3) "4 out of 10 meteorologists think it will rain."

4) "40% or below means it won't rain; 70% and above means it will."

5) "There is a 40% chance of precipitation somewhere in the forecast area at some point during the day."

Nope; nope; nope; definitely not; almost, but no. Who would have thought there could be so many different incorrect ways to interpret such a simple statement? We can dismiss numbers 3 and 4 right away--meteorologists aren't generally in the business of taking surveys of each other, and they wouldn't bother with the whole percentage thing if they had a definite opinion either way. The others are tempting, but none get it exactly right. Don't fret if you found yourself agreeing with one of them, though; according to this study in the journal Risk Analysis, respondents from five major cities all over the world overwhelmingly preferred numbers 1, 2 and 5 to the correct answer, which, according to The National Weather Service and the Canadian Weather Office, is this:

"The probability of precipitation (POP) is the chance that measurable precipitation (0.2 mm of rain or 0.2 cm of snow) will fall on any point of the forecast region during the forecast period."
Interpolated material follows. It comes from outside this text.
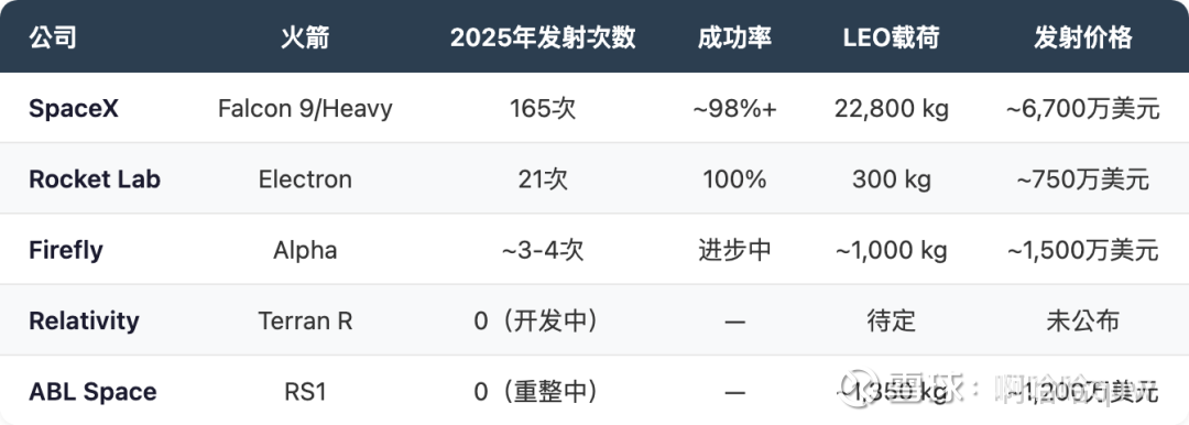 (数据来源:各公司官方公告、SpaceNews、NASASpaceFlight.com)

In your example, a 40% chance of rain means the forecaster has determined that the probability is 40% that you will get rained on at some point during the forecast period, usually a day in length (some forecasts include hour-to-hour predictions, but the same idea applies--either way, interpretation 2 is out). But even that's kind of a circular definition--a 40% chance means the chance is 40%--and it doesn't explain where the numbers come from in the first place. To unpack things a little more, we should talk about how weather prediction works and why uncertainty is necessarily involved.

To begin with, meteorologists are always collecting data, tons and tons of it, using extremely sensitive instruments both on the ground and in the upper atmosphere, via weather balloons. These instruments measure a whole array of weather conditions including temperature, humidity, wind speed and direction, pressure, dew point (whatever that is), and others. Then, the meteorologists feed all of that information into huge computer simulations, which use a combination of historical data and physical models (for example, equations of fluid dynamics) to predict the course of events over the next few days. Presumably, the models include the movements of butterflies, because, as I understand it, they are the source of basically all weather phenomena. Why the uncertainty, then? Will all that super technology, why can't they just predict the future?
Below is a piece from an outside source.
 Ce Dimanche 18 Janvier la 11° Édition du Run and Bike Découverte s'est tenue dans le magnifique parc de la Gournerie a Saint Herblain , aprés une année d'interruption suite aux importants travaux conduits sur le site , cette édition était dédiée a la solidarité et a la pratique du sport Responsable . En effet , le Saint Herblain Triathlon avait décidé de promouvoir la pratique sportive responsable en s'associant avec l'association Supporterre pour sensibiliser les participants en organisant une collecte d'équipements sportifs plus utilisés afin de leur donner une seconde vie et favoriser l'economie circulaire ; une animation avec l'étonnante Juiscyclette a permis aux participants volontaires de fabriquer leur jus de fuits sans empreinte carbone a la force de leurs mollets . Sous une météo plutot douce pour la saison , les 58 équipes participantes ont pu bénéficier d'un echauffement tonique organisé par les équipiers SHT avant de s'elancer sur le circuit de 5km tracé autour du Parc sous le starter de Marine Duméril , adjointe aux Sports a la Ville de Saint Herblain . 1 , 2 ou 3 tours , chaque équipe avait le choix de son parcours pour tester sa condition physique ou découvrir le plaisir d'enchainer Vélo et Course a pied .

Well, as I discussed in my previous post about the Monty Hall problem, there are many complex systems in the world which perhaps could be described exactly by massive systems of equations but which we as humans lack the computational power to fully comprehend. And weather is right up there with the most complex systems around. Part of what makes it so difficult to predict is its susceptibility to non-linear feedback, meaning the evolution of the system depends very sensitively on its current state. As a result, even minuscule differences in initial conditions will, with enough time, accumulate into larger differences and eventually produce radically big differences in the outcome. To give you some perspective, scientists have known since the 1960s that even a difference of 0.000001 in initial measurements could lead to vastly different weather conditions after a period of only a week. After a few weeks, you can basically forget about it--in order to predict the weather in any meaningful way, you'd need a complete understanding of the position of every atom in the universe. In the lingo of the 1990s, weather systems are a classic example of chaos, due to their sensitive dependence on initial conditions. Jeff Goldblum explained it all before almost being eaten by a T-Rex.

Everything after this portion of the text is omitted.